**Extracted data entries**
++++++++++++++++++++
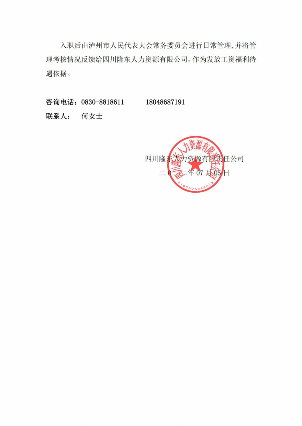 關(guān)于錄用派遣至瀘州白酒產(chǎn)業(yè)園區(qū)綜合服務(wù)器中心勞務(wù)工作人員的公...
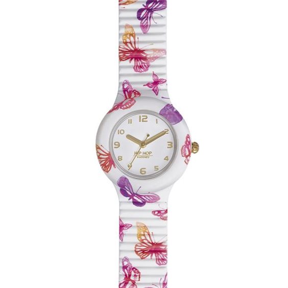 Orologio Hip hop con farfalle sui toni del rosa, viola, numeri in oro.
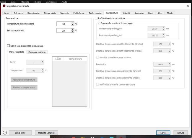 Eddy72 Inviato 15 Aprile 2021 Inviato 15 Aprile 2021 7 ore fa, Fantasma86 ha scritto: Con Ideamaker oltre al problema citato sopra, dopo il primo strato di stampa setta la temperatura del bed a 0, e non posso intervenire neanche manualmente per ripristinare il valore corretto. Metteresti una foto della Tab delle temperature nelle opzioni avanzate del profilo che usi Ciaoo 1 Cita
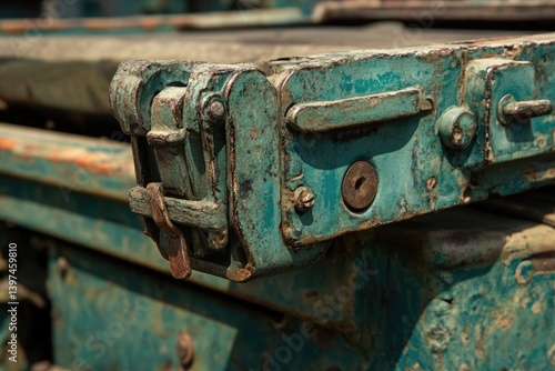 machinery, metal, green, weathered, rusted, closeup, detail, latch, mechanism, industrial, equipment, engineering, aged, vintage, antique, texture, surface, pattern, rough, grunge, rust-eaten, oxidation, corrosion, paint, peeling paint, decay, abandoned, forgotten, neglected, obsolete, technology, connection, bolt, fastener, joint, link, lever, handle, hinge, structure, design, construction, industrial design, patina, mechanical, close
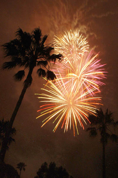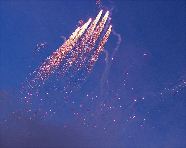 exposure of about 3 seconds of fireworks. Ektachrome 100 film. July Mid
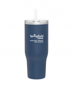 40 oz double wall 18/8 stainless steel thermal tumbler with copper vacuum insulation, stainless steel rim, dual-purpose push-on clear lid, matching sliding closure, flexible wide silicone straw, and powder coated finish
++++++++++++++++++++
**Prompt**
Repeat each entry above exactly, passing over any images.

**The completed task**
 關(guān)于錄用派遣至瀘州白酒產(chǎn)業(yè)園區(qū)綜合服務(wù)器中心勞務(wù)工作人員的公...
 Orologio Hip hop con farfalle sui toni del rosa, viola, numeri in oro.
 Eddy72 Inviato 15 Aprile 2021 Inviato 15 Aprile 2021 7 ore fa, Fantasma86 ha scritto: Con Ideamaker oltre al problema citato sopra, dopo il primo strato di stampa setta la temperatura del bed a 0, e non posso intervenire neanche manualmente per ripristinare il valore corretto. Metteresti una foto della Tab delle temperature nelle opzioni avanzate del profilo che usi Ciaoo 1 Cita
 machinery, metal, green, weathered, rusted, closeup, detail, latch, mechanism, industrial, equipment, engineering, aged, vintage, antique, texture, surface, pattern, rough, grunge, rust-eaten, oxidation, corrosion, paint, peeling paint, decay, abandoned, forgotten, neglected, obsolete, technology, connection, bolt, fastener, joint, link, lever, handle, hinge, structure, design, construction, industrial design, patina, mechanical, close
 exposure of about 3 seconds of fireworks. Ektachrome 100 film. July Mid
 40 oz double wall 18/8 stainless steel thermal tumbler with copper vacuum insulation, stainless steel rim, dual-purpose push-on clear lid, matching sliding closure, flexible wide silicone straw, and powder coated finish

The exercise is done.